ELV Digital-Experimentierboard DEB100 | Bausätze

ELV ELV Digital-Experimentierboard DEB100 from 99,95 €? - novomind iSHOP

de.elv.com

(German)

 

[koraks]

Hah, that's nice, those kinds of boards/kits used to be quite common once upon a time, especially in the1 1980s-1990s. They went out of fashion with the advent of microcontrollers and ASICs.

This also makes newer SLRS and DSLRs more understandable in their operation

Only to an extent, since these rely on highly tailored/application-specific controllers. Some of the principles used are the same as in generic microcontrollers, but the controllers in cameras (both analog and digital ones) involve a lot of black box behavior that you really can't fathom without company-internal documentation. How metering is handled, how shutter speeds etc. are generated and of course in DSLR's how image data are processed are all proprietary, black-box elements that we often don't even know to what extent they're implemented in hardware or in software (firmware).

 

[Andreas Thaler]

Hah, that's nice, those kinds of boards/kits used to be quite common once upon a time, especially in the1 1980s-1990s. They went out of fashion with the advent of microcontrollers and ASICs.



Only to an extent, since these rely on highly tailored/application-specific controllers. Some of the principles used are the same as in generic microcontrollers, but the controllers in cameras (both analog and digital ones) involve a lot of black box behavior that you really can't fathom without company-internal documentation. How metering is handled, how shutter speeds etc. are generated and of course in DSLR's how image data are processed are all proprietary, black-box elements that we often don't even know to what extent they're implemented in hardware or in software (firmware).

I knew this would appeal to you

But it's true. The fundamentals of digital electronics remain valid, whether as a TTL (transistor transistor logic) component or as a virtual program.

The implementations of camera manufacturers must also be based on these principles

This is not very pleasing to programmers who believe that code is everything (I don't mean you of course.)

 

[Andreas Thaler]

Hah, that's nice, those kinds of boards/kits used to be quite common once upon a time, especially in the1 1980s-1990s. They went out of fashion with the advent of microcontrollers and ASICs.

At least the right practice tool for 80s cameras.

 

[Andreas Thaler]

And at least to get into the basics.

Although computers are already at work there, combining and condensing these basics into computing units („Rechenwerke“ in German).

 

[koraks]

The implementations of camera manufacturers must also be based on these principles

Well, yes, in the end they're also based on fundamental physics, Ohm's Law etc. The question is always what you want/need to understand for what purpose. Having said that, it never hurts to understand the basics of logic ports or how to work with a microcontroller.

This is not very pleasing to programmers who believe that code is everything

There's even an analogy within electrical engineering, where the analog people sometimes argue that all digital circuitry in the end is analog just as well. Which is very difficult to argue against, especially if you get down to the nitty gritty details of signal quality, HF etc.

 

[Andreas Thaler]

Today I put the digital experiment board into operation. I'm using it to review the content of the course I completed some time ago.

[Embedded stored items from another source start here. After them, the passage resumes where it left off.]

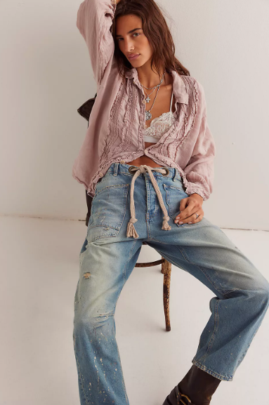 These jeans are a game-changer! The slouchy fit and tapered silhouette are so flattering, while the distressed details and paint splatter give them a unique edge. The pull-on style makes them super easy to wear, and the oversized pockets add a cool, functional touch. Love the contrast drawstring waist—it’s the perfect mix of comfort and style. Instantly elevates any outfit with minimal effort. A must-have for anyone who loves statement denim!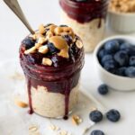 - Finish and Serve: In the morning, swirl in the jelly to create the classic peanut butter and jelly flavor. Optionally, top with extra peanut butter, chopped peanuts, or fresh berries for added texture and taste. Enjoy immediately.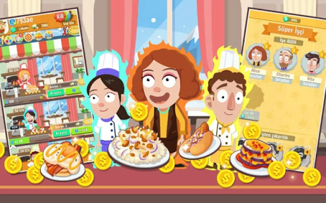 🌭Restoranı yükselterek, yeni tarifleri araştırarak, haritayı genişleterek kendi restoran imparatorluğunuzu adım adım kuracaksınız.🌭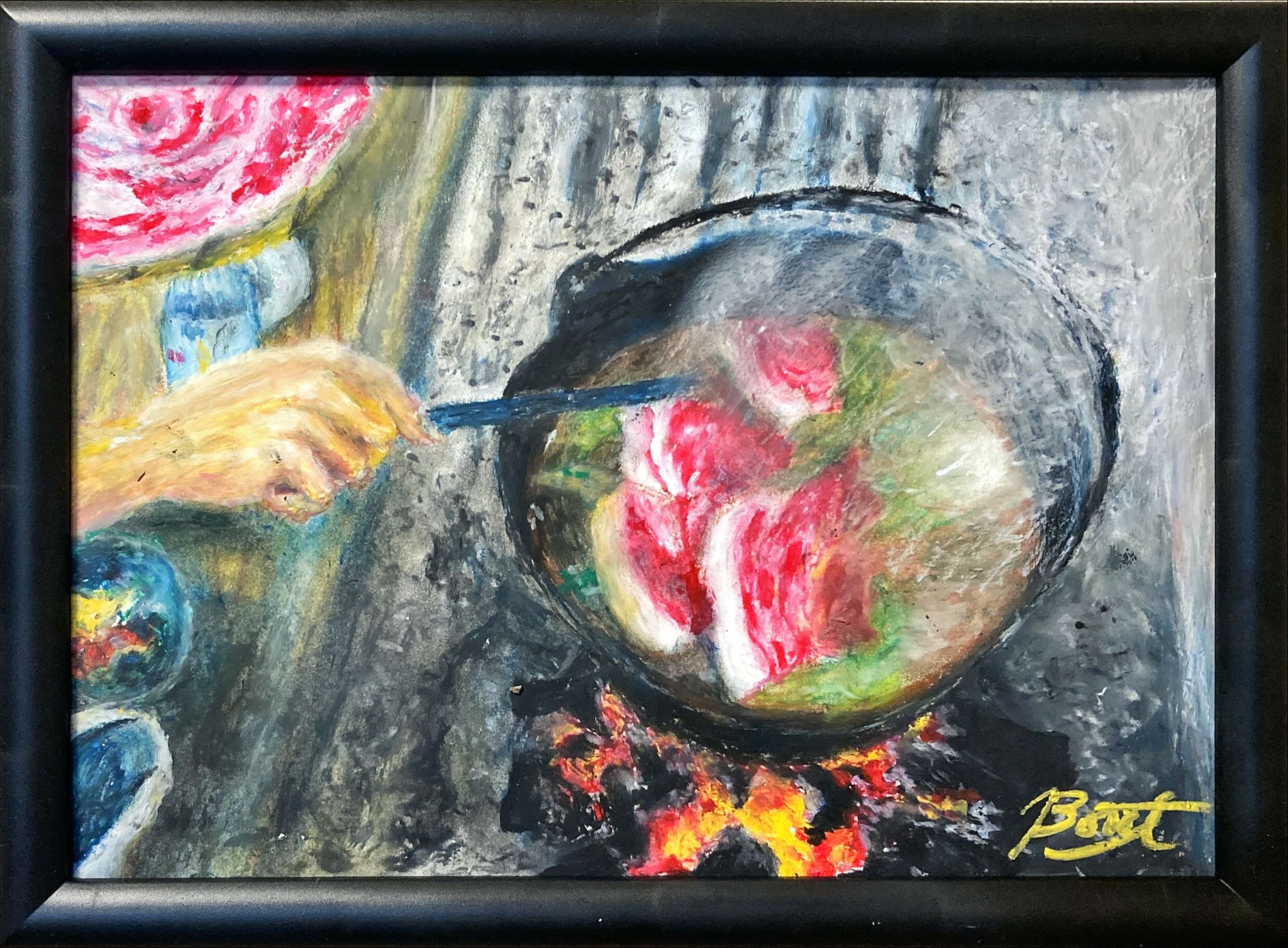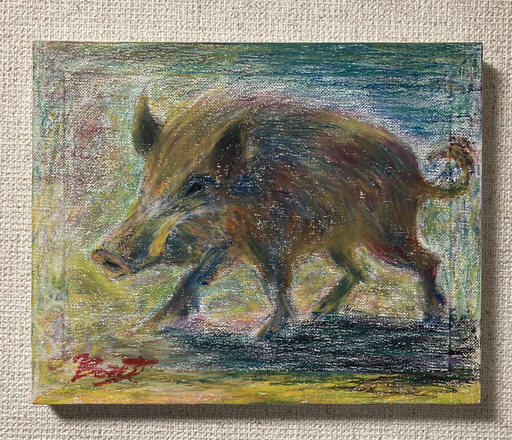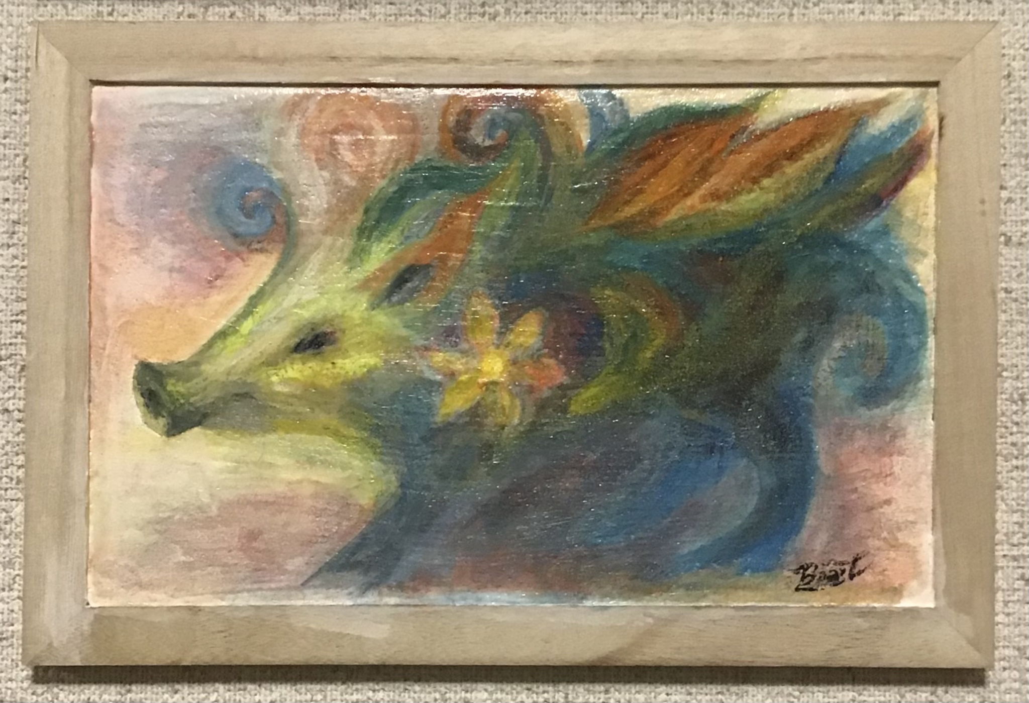猪の野生と守護性、ハート形は猪目模様でもあり感情を象徴し、女性像はアフロディーテを思わせる女神のごとくに霊性と変容の力を。そして、それぞれが主従なく一つ場に共鳴し交差している様。見る側の内に眠る三相を呼び起こす。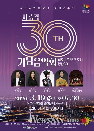 뉴스펀치 박세훈 기자 | 양산시는 오는 2026년 3월 19일 목요일 저녁 7시 30분부터 90분간 양산문화예술회관 대공연장에서 시 승격 30주년을 기념하는 양산시립합창단 정기연주회 ‘하모니로 빚은 도시 양산30’을 개최한다.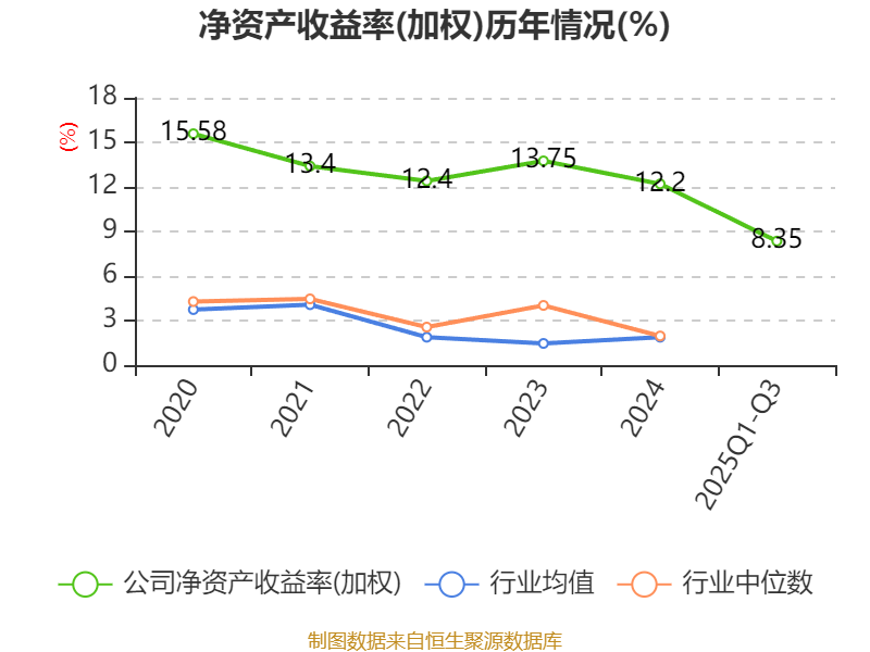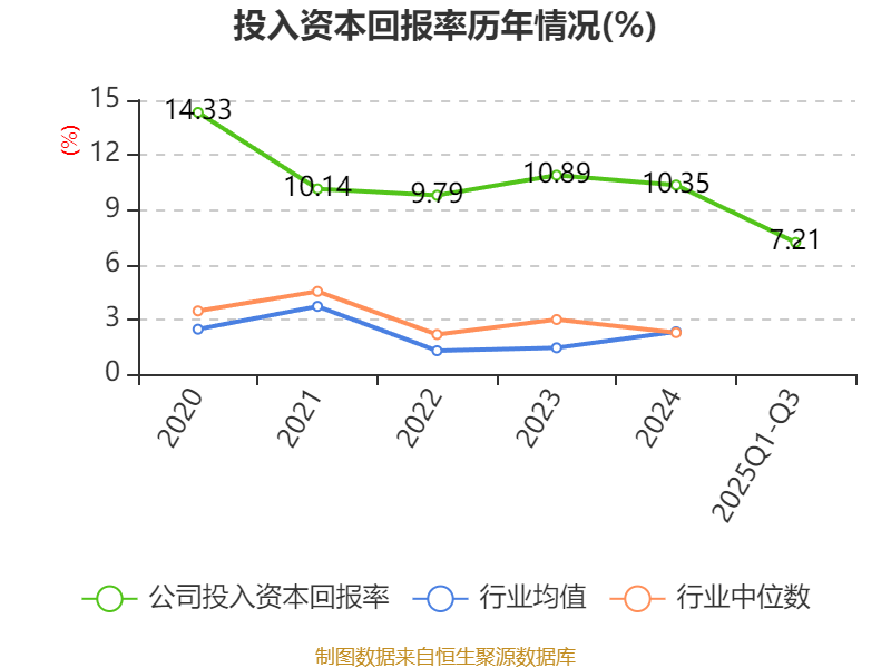 盈利能力方面, 2025年前三季度公司加权平均净资产收益率为8.35%,同比下降0.87个百分点。公司2025年前三季度投入资本回报率为7.21%,较上年同期下降0.55个百分点。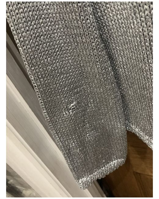 Silver shimmer fabric in cable knit design Delicate fabric, can snag easily X2 very slight nicks (as pictured) can only see on garment inside out Any questions please just ask😊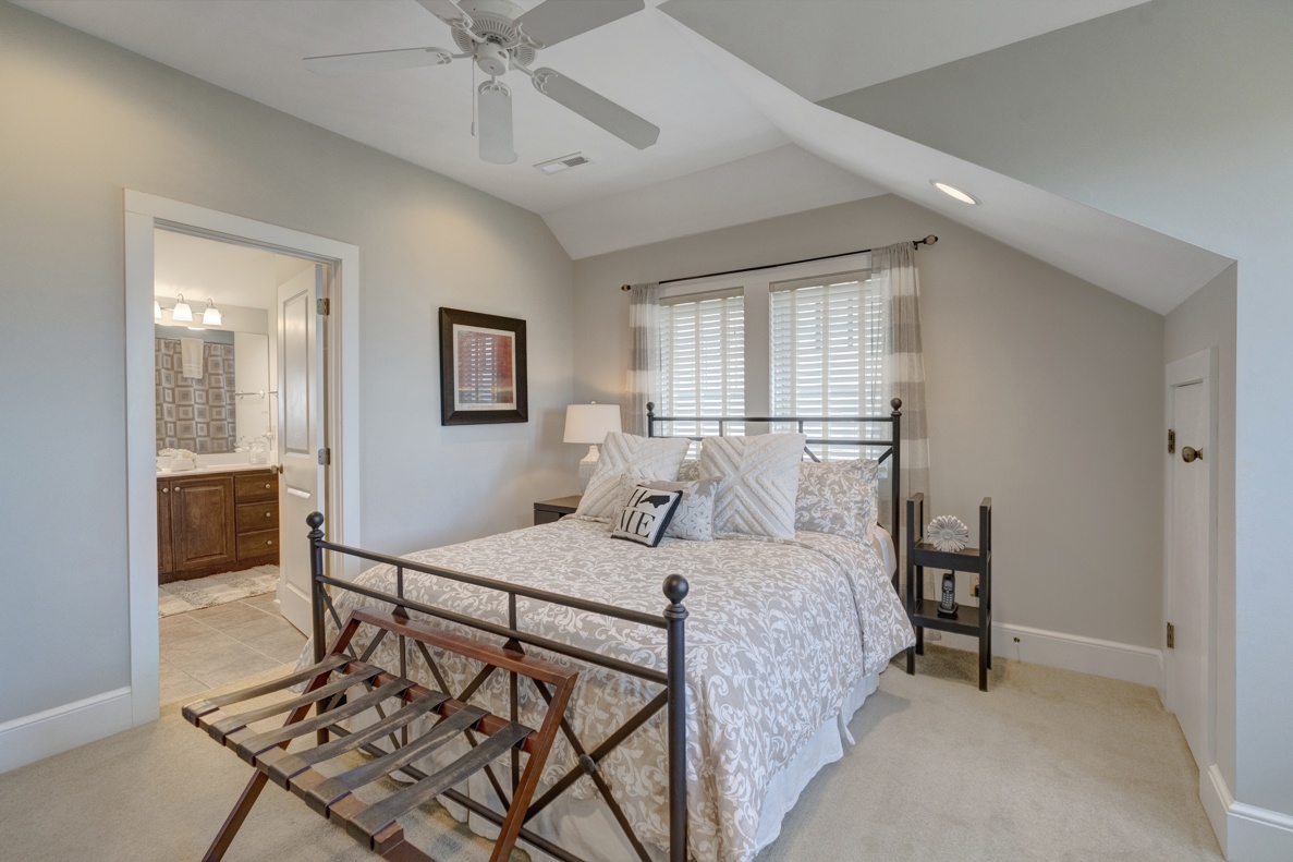 Venture to the upper level, where two bedrooms share a Jack and Jill full bath, equipped with a hairdryer. One bedroom features two full-size beds, while the other boasts a queen bed and a convenient writing desk.

The supply voltage can be selected between 3 and 15 VDC, and a power supply can be connected via a socket plug. Alternatively, three AA batteries can be inserted into the holder on the bottom of the board for 4.5 VDC.

The individual digital components are connected to each other via cable bridges.

Here, I've connected the two inputs of a NAND gate (CD4011) to the operating voltage via two push buttons.

I've also connected the NAND gate's output to an inverter (NOT, CD4069), thus creating an AND gate.

Both outputs are connected to LEDs that indicate the respective levels HIGH or LOW.

With this arrangement, the function table for two inputs can be switched with a total of four possible combinations.

Here are the two combinations B = 0 (LOW), A = 0 and B = 1 (HIGH) and A = 1:

Both inputs (B, A) are LOW, the buttons are not pressed.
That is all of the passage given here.